_INPUT DATA_.
***

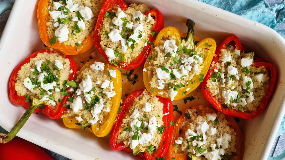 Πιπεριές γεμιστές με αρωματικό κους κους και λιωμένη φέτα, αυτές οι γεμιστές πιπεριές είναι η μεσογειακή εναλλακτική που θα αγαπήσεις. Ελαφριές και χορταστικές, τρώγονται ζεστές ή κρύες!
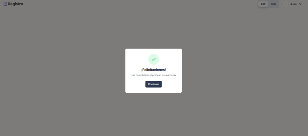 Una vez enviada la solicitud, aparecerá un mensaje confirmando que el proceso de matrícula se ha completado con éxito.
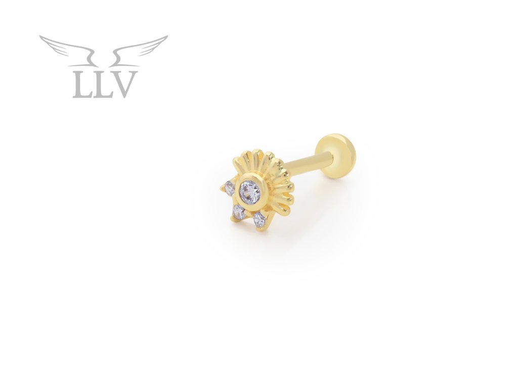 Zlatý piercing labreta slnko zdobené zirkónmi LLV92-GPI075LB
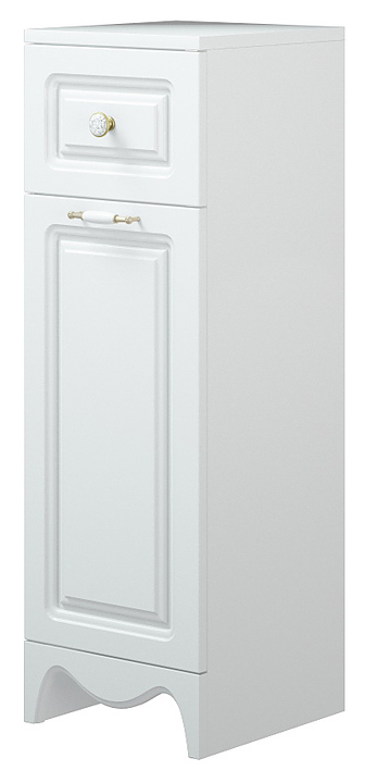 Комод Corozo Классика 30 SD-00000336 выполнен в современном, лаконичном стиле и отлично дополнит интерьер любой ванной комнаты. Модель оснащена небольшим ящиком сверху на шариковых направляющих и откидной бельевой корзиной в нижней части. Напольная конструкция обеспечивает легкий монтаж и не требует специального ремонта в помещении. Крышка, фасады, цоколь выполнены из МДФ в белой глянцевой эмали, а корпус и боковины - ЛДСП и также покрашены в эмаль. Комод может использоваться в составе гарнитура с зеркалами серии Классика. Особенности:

***

_EXERCISE_. Write out the material above once more, exactly as it reads, with no pictures.

_SOLUTION TO THE EXERCISE_.
 Πιπεριές γεμιστές με αρωματικό κους κους και λιωμένη φέτα, αυτές οι γεμιστές πιπεριές είναι η μεσογειακή εναλλακτική που θα αγαπήσεις. Ελαφριές και χορταστικές, τρώγονται ζεστές ή κρύες!
 Una vez enviada la solicitud, aparecerá un mensaje confirmando que el proceso de matrícula se ha completado con éxito.
 Zlatý piercing labreta slnko zdobené zirkónmi LLV92-GPI075LB
 Комод Corozo Классика 30 SD-00000336 выполнен в современном, лаконичном стиле и отлично дополнит интерьер любой ванной комнаты. Модель оснащена небольшим ящиком сверху на шариковых направляющих и откидной бельевой корзиной в нижней части. Напольная конструкция обеспечивает легкий монтаж и не требует специального ремонта в помещении. Крышка, фасады, цоколь выполнены из МДФ в белой глянцевой эмали, а корпус и боковины - ЛДСП и также покрашены в эмаль. Комод может использоваться в составе гарнитура с зеркалами серии Классика. Особенности:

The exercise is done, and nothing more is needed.